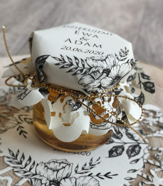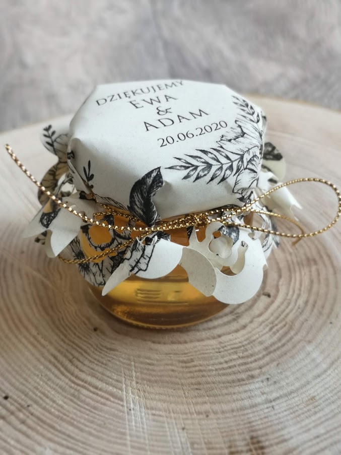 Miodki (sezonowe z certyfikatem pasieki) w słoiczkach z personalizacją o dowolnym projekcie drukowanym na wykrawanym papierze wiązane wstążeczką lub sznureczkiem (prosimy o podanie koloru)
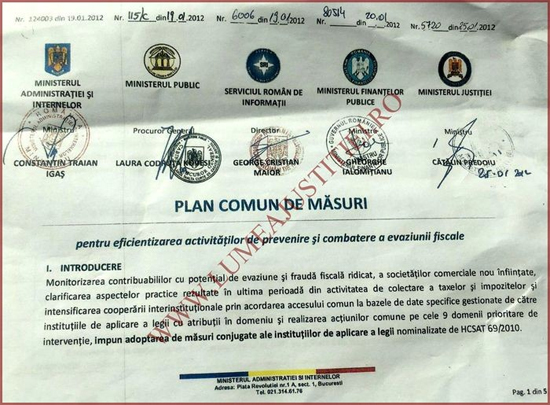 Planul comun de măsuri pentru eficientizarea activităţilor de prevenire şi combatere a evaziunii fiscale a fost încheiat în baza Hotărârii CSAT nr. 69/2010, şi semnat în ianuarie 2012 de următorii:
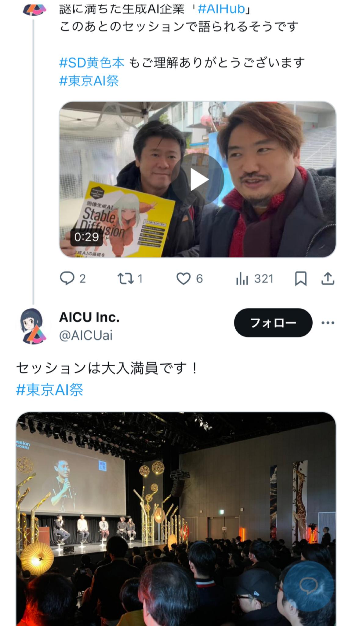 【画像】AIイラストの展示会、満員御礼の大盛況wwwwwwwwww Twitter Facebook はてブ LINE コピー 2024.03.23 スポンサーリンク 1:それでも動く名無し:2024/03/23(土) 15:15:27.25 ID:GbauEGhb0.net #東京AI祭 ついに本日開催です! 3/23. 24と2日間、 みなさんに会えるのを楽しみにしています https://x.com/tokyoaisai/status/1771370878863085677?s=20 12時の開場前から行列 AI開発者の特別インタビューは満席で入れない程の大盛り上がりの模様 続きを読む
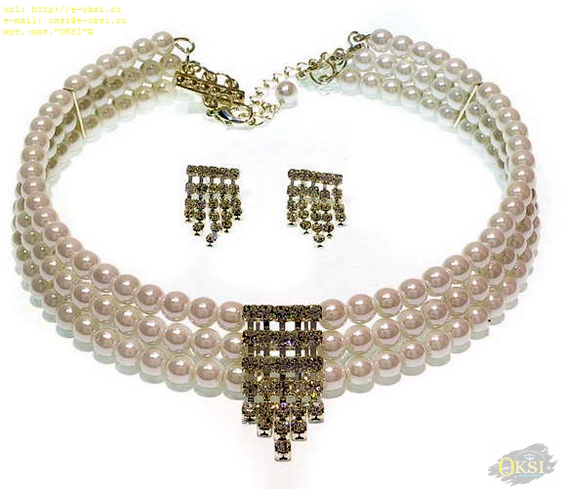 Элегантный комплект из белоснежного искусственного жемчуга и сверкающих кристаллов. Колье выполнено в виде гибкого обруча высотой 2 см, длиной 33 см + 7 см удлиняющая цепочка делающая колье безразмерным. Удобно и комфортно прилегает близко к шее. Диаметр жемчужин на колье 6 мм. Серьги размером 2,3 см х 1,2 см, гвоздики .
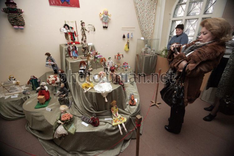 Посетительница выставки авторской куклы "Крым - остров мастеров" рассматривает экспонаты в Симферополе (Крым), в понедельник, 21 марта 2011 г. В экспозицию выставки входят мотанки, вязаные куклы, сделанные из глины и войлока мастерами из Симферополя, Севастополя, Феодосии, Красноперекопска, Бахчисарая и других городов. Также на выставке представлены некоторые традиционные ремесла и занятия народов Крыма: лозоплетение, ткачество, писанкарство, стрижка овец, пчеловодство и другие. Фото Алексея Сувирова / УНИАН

*Action item*:
In the records above, find the line that contains "12時の開場前から行列 AI開発者の特別インタビューは満席で入れない程の大盛り上がりの模様 続きを読む". Print it and every later line exactly, omitting the pictures.

*Task result*:
 【画像】AIイラストの展示会、満員御礼の大盛況wwwwwwwwww Twitter Facebook はてブ LINE コピー 2024.03.23 スポンサーリンク 1:それでも動く名無し:2024/03/23(土) 15:15:27.25 ID:GbauEGhb0.net #東京AI祭 ついに本日開催です! 3/23. 24と2日間、 みなさんに会えるのを楽しみにしています https://x.com/tokyoaisai/status/1771370878863085677?s=20 12時の開場前から行列 AI開発者の特別インタビューは満席で入れない程の大盛り上がりの模様 続きを読む
 Элегантный комплект из белоснежного искусственного жемчуга и сверкающих кристаллов. Колье выполнено в виде гибкого обруча высотой 2 см, длиной 33 см + 7 см удлиняющая цепочка делающая колье безразмерным. Удобно и комфортно прилегает близко к шее. Диаметр жемчужин на колье 6 мм. Серьги размером 2,3 см х 1,2 см, гвоздики .
 Посетительница выставки авторской куклы "Крым - остров мастеров" рассматривает экспонаты в Симферополе (Крым), в понедельник, 21 марта 2011 г. В экспозицию выставки входят мотанки, вязаные куклы, сделанные из глины и войлока мастерами из Симферополя, Севастополя, Феодосии, Красноперекопска, Бахчисарая и других городов. Также на выставке представлены некоторые традиционные ремесла и занятия народов Крыма: лозоплетение, ткачество, писанкарство, стрижка овец, пчеловодство и другие. Фото Алексея Сувирова / УНИАН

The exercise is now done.